-- Data records --
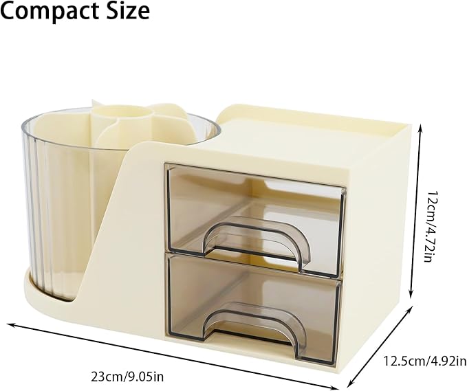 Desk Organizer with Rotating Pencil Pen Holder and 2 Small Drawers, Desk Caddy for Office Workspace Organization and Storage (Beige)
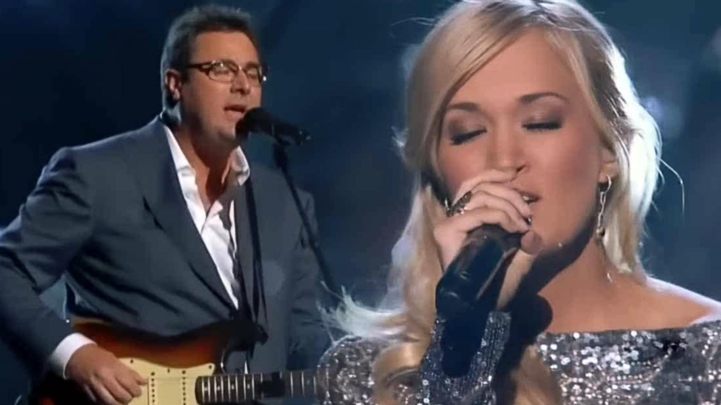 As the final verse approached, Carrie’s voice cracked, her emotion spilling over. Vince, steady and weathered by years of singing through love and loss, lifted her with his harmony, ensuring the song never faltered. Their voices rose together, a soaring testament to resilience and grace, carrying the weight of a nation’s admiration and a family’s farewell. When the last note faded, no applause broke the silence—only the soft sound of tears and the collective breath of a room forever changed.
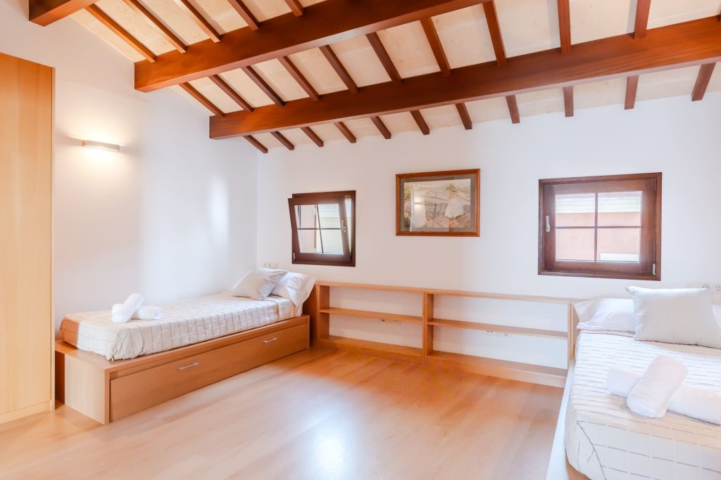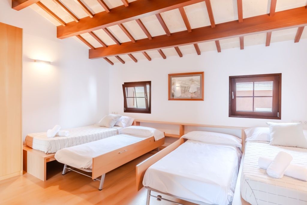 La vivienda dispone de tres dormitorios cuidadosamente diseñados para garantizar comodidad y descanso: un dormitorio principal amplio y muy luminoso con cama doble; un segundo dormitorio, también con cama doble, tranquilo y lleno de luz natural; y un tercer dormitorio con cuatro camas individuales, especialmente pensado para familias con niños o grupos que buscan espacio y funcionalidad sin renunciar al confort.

* * *

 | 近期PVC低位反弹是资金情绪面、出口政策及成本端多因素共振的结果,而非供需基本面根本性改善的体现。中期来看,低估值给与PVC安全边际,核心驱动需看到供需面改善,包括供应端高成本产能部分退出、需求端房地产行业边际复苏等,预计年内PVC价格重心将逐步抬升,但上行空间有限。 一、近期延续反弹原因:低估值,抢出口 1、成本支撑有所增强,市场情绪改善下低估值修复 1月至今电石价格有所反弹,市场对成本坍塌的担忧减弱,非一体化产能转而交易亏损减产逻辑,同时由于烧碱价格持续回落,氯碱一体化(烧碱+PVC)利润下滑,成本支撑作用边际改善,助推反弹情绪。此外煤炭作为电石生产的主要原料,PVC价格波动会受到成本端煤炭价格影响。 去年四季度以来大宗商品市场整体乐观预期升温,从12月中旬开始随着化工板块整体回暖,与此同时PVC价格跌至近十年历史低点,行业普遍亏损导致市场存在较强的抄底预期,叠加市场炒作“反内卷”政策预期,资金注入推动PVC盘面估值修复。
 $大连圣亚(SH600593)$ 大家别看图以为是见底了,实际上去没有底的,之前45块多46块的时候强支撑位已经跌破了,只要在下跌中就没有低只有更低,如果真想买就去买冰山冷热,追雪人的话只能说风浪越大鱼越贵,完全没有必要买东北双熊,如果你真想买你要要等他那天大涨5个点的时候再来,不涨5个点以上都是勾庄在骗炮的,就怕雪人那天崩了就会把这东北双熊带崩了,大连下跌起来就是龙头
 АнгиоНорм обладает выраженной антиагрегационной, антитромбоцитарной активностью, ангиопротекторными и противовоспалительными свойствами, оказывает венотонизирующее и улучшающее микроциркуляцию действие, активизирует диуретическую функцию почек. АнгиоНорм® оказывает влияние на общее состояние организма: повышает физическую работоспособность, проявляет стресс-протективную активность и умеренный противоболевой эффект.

-- What you are asked to do --
In the records above, find the line with "Desk Organizer with" and the line with "La vivienda dispone", then restate word for word only those two lines and all lines between, omitting pictures.

-- Answer space --
 Desk Organizer with Rotating Pencil Pen Holder and 2 Small Drawers, Desk Caddy for Office Workspace Organization and Storage (Beige)
 As the final verse approached, Carrie’s voice cracked, her emotion spilling over. Vince, steady and weathered by years of singing through love and loss, lifted her with his harmony, ensuring the song never faltered. Their voices rose together, a soaring testament to resilience and grace, carrying the weight of a nation’s admiration and a family’s farewell. When the last note faded, no applause broke the silence—only the soft sound of tears and the collective breath of a room forever changed.
 La vivienda dispone de tres dormitorios cuidadosamente diseñados para garantizar comodidad y descanso: un dormitorio principal amplio y muy luminoso con cama doble; un segundo dormitorio, también con cama doble, tranquilo y lleno de luz natural; y un tercer dormitorio con cuatro camas individuales, especialmente pensado para familias con niños o grupos que buscan espacio y funcionalidad sin renunciar al confort.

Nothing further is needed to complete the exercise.